Erebia pandrose, the dewy ringlet, is a member of the subfamily Satyrinae of the family Nymphalidae . It is found from the Arctic areas of northern Europe, the Pyrenees, Alps, the Apennine Mountains, the Carpathian Mountains, Kola Peninsula and Kanin Peninsula, part of the Ural and the Altai and Sayan Mountains up to Mongolia.

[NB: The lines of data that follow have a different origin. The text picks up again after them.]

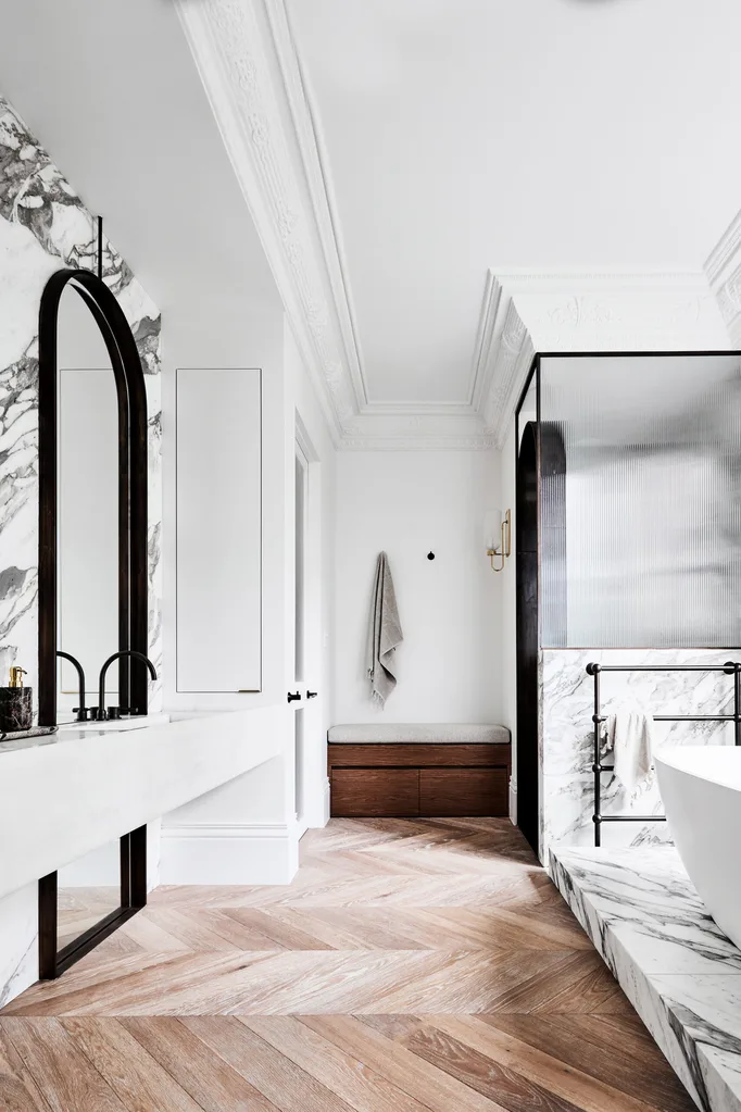 The master bathroom is a glamorous space with walls and plinth clad in Arabescato Oro marble and vanity in Café au Lait marble from Granite & Marble Works. ‘Garrison’ sconce from The Urban Electric Co. Fluted glass in a brass frame from Art of Metal. Victoria + Albert ‘Barcelona’ bath, Brodware ‘Manhattan’ tapware and Hydrotherm heated towel rail, all from Sydney Tap and Bathroomware. Custom bench seat in TrueGrain in Pinecone from Briggs Veneers with ‘Creel’ seat cushion from Janus et Cie.
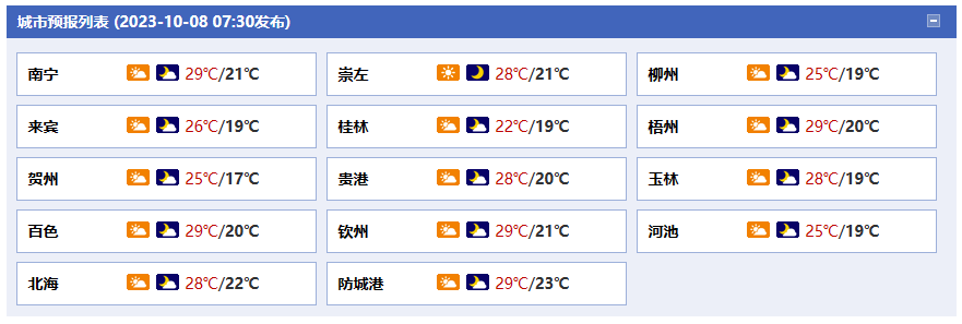 今天白天到9日白天,全區(qū)多云到晴,其中桂林、賀州、梧州、玉林、貴港、南寧等市局地有陣雨。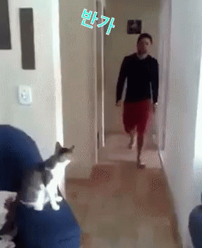 Content Description: a man in a black shirt and red shorts is walking in a hallway while a cat looks on
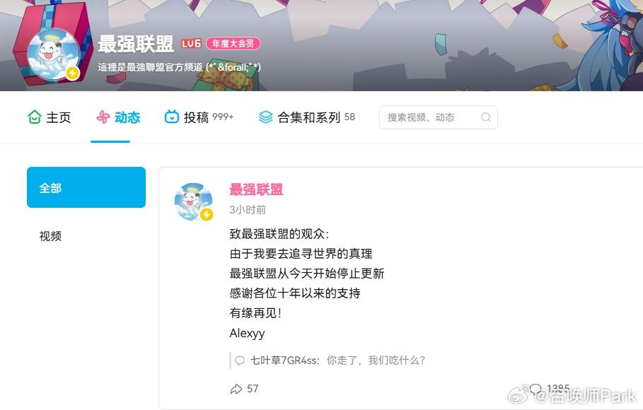 “最强联盟”的停更宣言充满诗意:“致最强联盟的观众,由于我要去追寻世界的真理,最强联盟从今天开始停止更新,感谢各位十年以来的支持,有缘再见!Alexyy留。”短短数语,既有告别之意,也透露着对新生活的向往,落款“Alexyy”正是该博主的标识。

The wingspan is 30–38 mm. The forewing upperside ground colour is brown adorned with an orange postmedian band interspersed by the veins and marked with a line of blind black ocelli. The hind wing upperside has line of discrete orange spots each centered with a blind black ocella .
The underside of the forewings is copper orange with a line of blind black ocelli, the hindwing undersides are mottled beige grey and brown with a lighter broad band.

==Description in Seitz==
E. lappona Esp. (= manto Frr., zilia Bkh.) (37 i). Upperside of both wings black-brown, somewhat glossy, the ground-colour of the female lighter, more grey-brown. The forewing with a rather broad russet brown band which does not reach the hindmargin and bears 4 black ocelli without pupils, the 2 upper ones standing close together and being somewhat shifted proximad. The band is not always equally distinct, varying in several directions. The hindwing has 3 - 4 black ocelli in russet -brown rings or is entirely unicolorous without markings. The forewing beneath with the central area russet -brown, the costal and distal margins being dusted with white-grey or bluish white, and the hindmargin black-brown. The ocelli as above, but mostly placed in russet -yellow rings. The hindwing beneath whitish or bluish grey with a median band which is bordered both proximally and distally by a thin brown dentate line. In the female this median band is more or less dusted with brown, the dentate lines being darker and broader and the band
therefore more prominent than in the male. Before the distal margin there are 2 or 3 black dots which are sometimes absent. Head, thorax and abdomen black, the last ashy grey beneath. Antenna brown above, grey beneath, with yellow club. In the Pyrenees, Apennines, Alps and Carpathians, mostly only at considerable altitudes. — In ab. pollux Esp. (= dubius Fuessl, aglauros Hbst., baucis Schk.) the underside is dusted with white-grey, without markings; singly among the nymotypical form, in Graubunden and in Finmark. — ab. castor Esp. (= pandrose Bkh.) has the upperside duller in colour, bearing 2 subapical dots; the very evenly leaden-grey underside of the hindwing is traversed by 2 sharply marked black-brown dentate line. An insignificant aberration, which perhaps flies everywhere in the Alps among nymotypical specimens. — In the form sthennyo Grasl. which occurs in the Central Pyrenees, the distal band of the forewing is not russet-brown but yellowish red, being proximally but indistinctly or not at all defined. The ocelli bordered with yellow rings above and beneath. — In ab. stelviana Gumpp. the forewing has no ocelli above. From the Tirolese Alps, but occurs as aberration almost everywhere among nymotypical specimens. — In the northern form mantoides Btlr. the ocelli of the forewing beneath are contiguous, forming a chain. —The Central -European mountain-form as well as the arctic form, however, vary so much individually that nearly all the aberrational forms occur in both districts. — Larva adult grass-green; head, a dorsal line, lateral macular lines and the spiracles black. Feeds on grass, and contracts like a slug when being touched. In May it changes into an obtuse pupa, which lies free on the ground and has the anterior part of the body green and the abdomen brownish. The butterfly appears according to altitude either in June or August. In the Alps one usually meets with it only from the tree-line up to the snow. It flies especially on stony slopes with a sparse covering of grass and settles by preference on the ground, visiting flowers but rarely. It is very shy and therefore not easy to catch.

Adults are on wing from June to August. There is one generation per year.

The larvae mainly feed on Festuca, Poa and Sesleria species.